If one measures Echeverria’s record against the revolutionary redistribution of wealth accomplished by such leaders as Mao Tse-tung and Fidel Castro, the answer is no. But Mexico, despite the limited character of its democracy, is not a totalitarian country. There as in the United States, change requires some popular consensus.

In Mexico, a historic social reality mitigates against the development of such a consensus. Those in power are usually ignorant of the needs, values, and contributions of the poor rural masses. Thus few of the nation’s leaders have ever been convinced that a redistribution of wealth and resources is necessary.

But the president of Mexico has an almost-unequaled ability to educate the powerful. This is precisely what Echeverria set out to do when he initiated what might be called a “peace corps for politicians”— a program of direct contact between Mexico’s ruling elite and the huge number of dispossessed people it governs.

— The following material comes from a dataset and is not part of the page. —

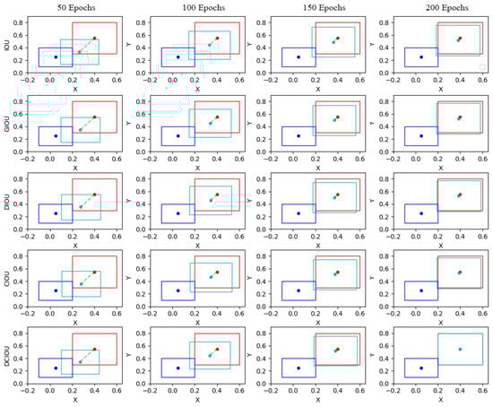 The results presented in Figure 12 show that the predicted boxes gradually converge to the target boxes as the number of iterations of the IoU, GIoU, DIoU, CIoU, and DCIoU metrics increases. Each metric was observed to have different convergence dynamics and the DCIoU metric provided higher accuracy of positioning compared to the other metrics at the end of 200 iterations. This observation indicates that DCIoU facilitates a more efficient convergence during the optimization process and can be regarded as a more reliable regression metric in applications such as object detection.

During Echeverria’s term in office, various cabinet ministers, senior bureaucrats, and agency directors received periodic “requests” to leave their luxurious offices and accompany the president to remote parts of the country. These three- and four-day trips included not only stops in major cities but also visits to desert towns during periods of drought and to jungle villages during the rainy season.

Not long ago, I was traveling in Chiapas, Mexico’s relatively underdeveloped southernmost state, when I encountered one of Echeverria’s tours. At his invitation I joined the group, and from that vantage observed some of the effects the trip was having on its participants.

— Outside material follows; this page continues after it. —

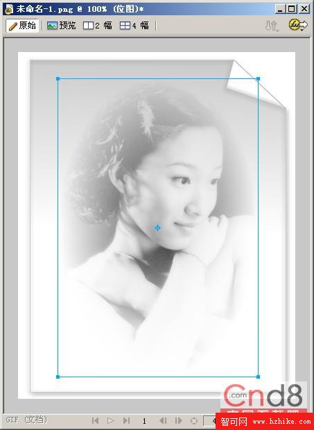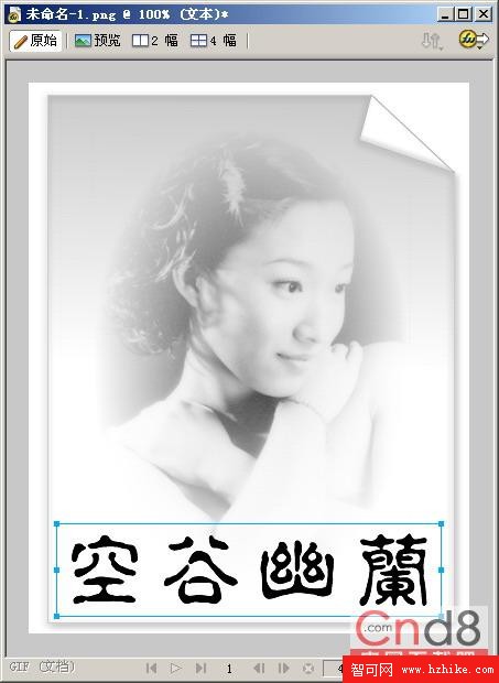 17)在屬性面板中修改文本顏色為白色,並為其添加投影效果,最終得到圖 21 所示的卷邊黑白藝術照片,是不是很有感染力呀?

Simplicity was the keynote of the whole affair. That day’s lunch was served at an Indian ejido (a collectively-owned farm) deep in the jungle, and consisted of tropical fruit, nothing more. Transportation was provided by a single bus in which everyone rode together.

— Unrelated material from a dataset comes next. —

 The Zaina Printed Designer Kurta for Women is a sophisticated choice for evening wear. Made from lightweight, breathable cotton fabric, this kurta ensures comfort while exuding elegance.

I accompanied the entourage on a 20-mile trip from Tapachula to Puerto Madero, and the bus was literally jammed with VIPs: Mexico’s president and vice-president, the chief justice of the Supreme Court, directors of various banks, heads of federal agencies, and nearly half the national cabinet. Security was provided by four special officers, two aboard the bus and two traveling ahead in a local police car. This virtual absence of normal security precautions might be considered evidence of presidential recklessness or personal courage; either way, it was an effective lesson in trust for the officials aboard.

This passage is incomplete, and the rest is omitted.